■ **What you are asked to do**
Emit the data below verbatim, stripping out any pictures.
[Information provided — start]
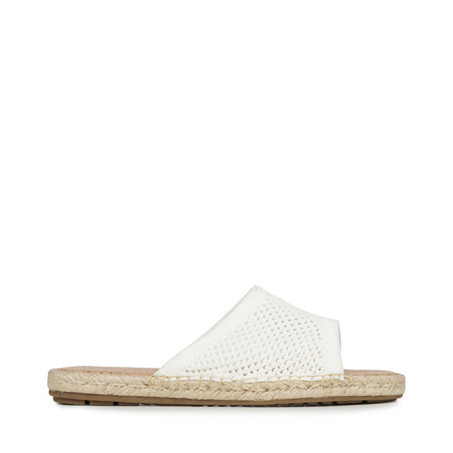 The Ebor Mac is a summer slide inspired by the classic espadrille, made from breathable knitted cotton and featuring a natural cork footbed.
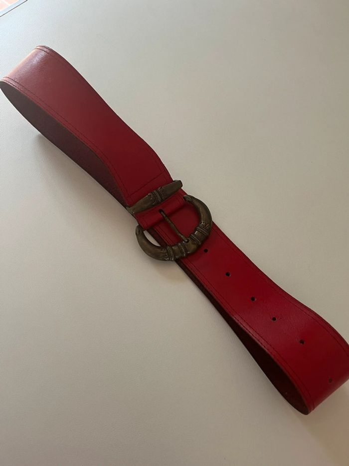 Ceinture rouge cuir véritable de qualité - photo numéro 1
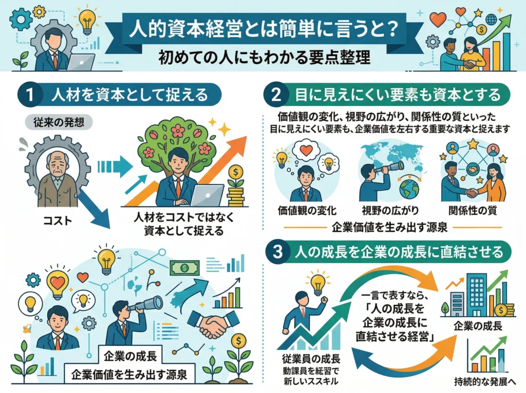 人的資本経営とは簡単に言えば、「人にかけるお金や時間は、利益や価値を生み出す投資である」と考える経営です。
[Information provided — finish]
■ **Result for this exercise**
 The Ebor Mac is a summer slide inspired by the classic espadrille, made from breathable knitted cotton and featuring a natural cork footbed.
 Ceinture rouge cuir véritable de qualité - photo numéro 1
 人的資本経営とは簡単に言えば、「人にかけるお金や時間は、利益や価値を生み出す投資である」と考える経営です。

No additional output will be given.